Process for building machine learning models

The steps for building machine learning models are:

  1. Connect and access data: Connect and discover content from multiple data sources in the cloud or on premises. Bring structured and unstructured data to one toolkit.
  2. Search and find relevant data: Find data (structured and unstructured) and AI assets (for example, ML/DL models, notebooks, and Watson Data Kits) in the Knowledge Catalog with intelligent search and giving the right access to the right users.
  3. Prepare data for analysis: Clean and prepare your data with Data Refinery, a tool to create data preparation pipelines visually. Use popular open source libraries to prepare unstructured data. The following image shows the Data Refinery tool that lets you cleanse, shape, and quickly visualize your data.

    Preparing data for analysis

    Figure 4: The Data Refinery tool helps you quickly understand the quality and distribution of your data using dozens of built-in charts, graphs, and statistics

  4. Build and train the machine learning model: Democratize the creation of ML and DL models. Design your AI models programmatically or visually with the most popular open source and IBM machine learning/deep learning frameworks or leverage transfer learning on pre-trained models using Watson tools to adapt to your business domain. Train at scale on GPUs and distributed compute

  5. Deploy models: Deploy your models easily and have them scale automatically for online, batch, or streaming use cases. We will look at deploying models in detail in the following section.
  6. Monitor, analyze, and manage: Monitor the performance of the models in production and trigger automatic retraining and redeployment of models. Build enterprise trust with bias detection, mitigation model robustness, and testing service model security. The following image shows the model evaluation screen. In this particular case, the “Propensity to Call” model has an area under ROC value of 0.852. If this value falls below the set threshold of 0.6, the model automatically retrains and redeploys.
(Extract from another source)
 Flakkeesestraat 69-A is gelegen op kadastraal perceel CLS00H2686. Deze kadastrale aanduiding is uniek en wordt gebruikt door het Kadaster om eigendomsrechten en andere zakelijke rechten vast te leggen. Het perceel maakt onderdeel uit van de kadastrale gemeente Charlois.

Monitor, analyze and manage

Figure 5: The continuous learning system provides automated monitoring of model performance, retraining, and redeployment to ensure prediction quality

Deploy models

After you create, train, and evaluate a model, you can deploy it. When you deploy a model, you save it to the model repository that is associated with your Watson machine learning service. Then, you can use your deployed model to score data and build an application.
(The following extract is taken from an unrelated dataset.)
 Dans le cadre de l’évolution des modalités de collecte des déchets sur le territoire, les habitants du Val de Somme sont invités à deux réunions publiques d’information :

The following example from a telecom churn model showcases how to deploy a model from SPSS:

  1. Right-click a terminal node (for example, a table node at the very end of a branch), and then click Save branch as a model, as shown below.

    Deploy a model Figure 6: SPSS Modeler flow of a Telecom Churn model. Right-click on the terminal node to save the branch as a model

    The terminal node that you choose determines the scoring branch through the stream.

  2. Type a model name and click Save. The model is saved to the current project.
  3. Go to the current project and find the model in the Models section of the Analytic Assets.
  4. Click the model, click the Deployments tab, and then click Add Deployment.
  5. Choose your deployment options, either Web Deployment, Batch Prediction, or Real-time Streaming Prediction.
  6. Enter a name and description for the deployment, complete any other necessary information, and click Save.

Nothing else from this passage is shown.